## The data
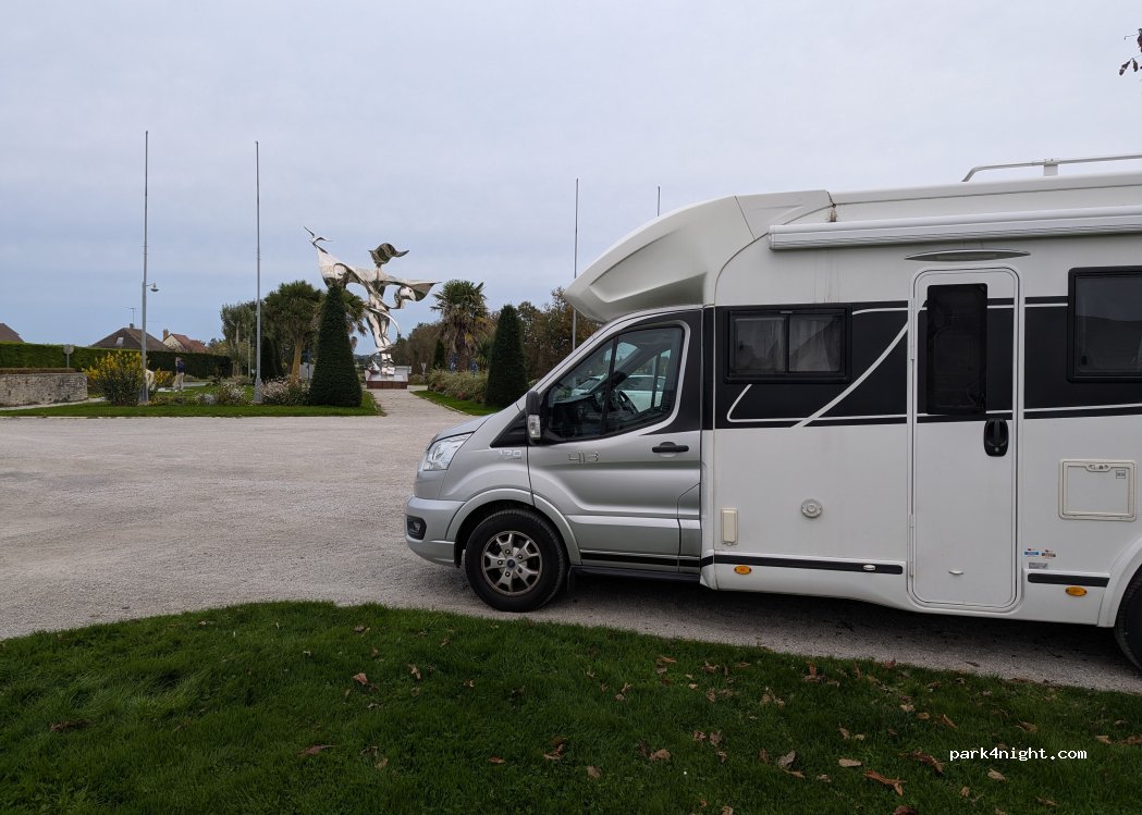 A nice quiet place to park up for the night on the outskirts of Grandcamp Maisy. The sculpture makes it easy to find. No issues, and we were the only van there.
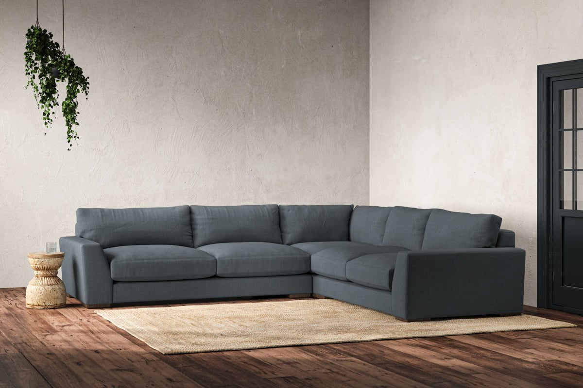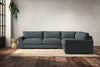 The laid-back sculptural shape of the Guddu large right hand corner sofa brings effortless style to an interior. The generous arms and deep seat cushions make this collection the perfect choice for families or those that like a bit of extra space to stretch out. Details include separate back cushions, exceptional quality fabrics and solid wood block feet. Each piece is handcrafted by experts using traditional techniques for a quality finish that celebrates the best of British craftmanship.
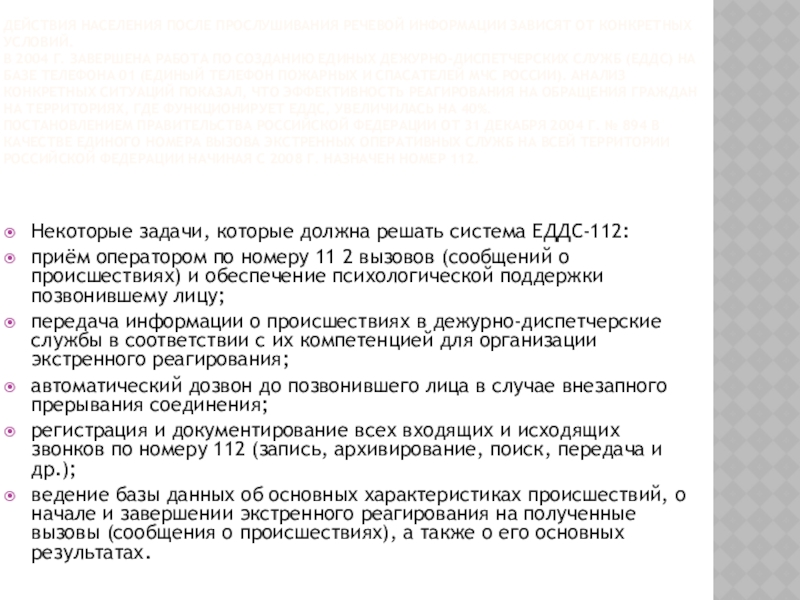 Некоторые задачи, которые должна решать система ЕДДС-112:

---

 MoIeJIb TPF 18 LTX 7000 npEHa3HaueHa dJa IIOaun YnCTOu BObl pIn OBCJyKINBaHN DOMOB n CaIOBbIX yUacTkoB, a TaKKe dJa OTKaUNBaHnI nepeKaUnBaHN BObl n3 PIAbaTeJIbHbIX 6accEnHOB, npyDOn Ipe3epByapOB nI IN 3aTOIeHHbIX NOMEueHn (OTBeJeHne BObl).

## Aim of the exercise
Restate word for word the lines of the data above that begin at the line with "A nice quiet" and end at the line with "Некоторые задачи, которые", keeping both ends and dropping every picture.

## Answer below
 A nice quiet place to park up for the night on the outskirts of Grandcamp Maisy. The sculpture makes it easy to find. No issues, and we were the only van there.
 The laid-back sculptural shape of the Guddu large right hand corner sofa brings effortless style to an interior. The generous arms and deep seat cushions make this collection the perfect choice for families or those that like a bit of extra space to stretch out. Details include separate back cushions, exceptional quality fabrics and solid wood block feet. Each piece is handcrafted by experts using traditional techniques for a quality finish that celebrates the best of British craftmanship.
 Некоторые задачи, которые должна решать система ЕДДС-112:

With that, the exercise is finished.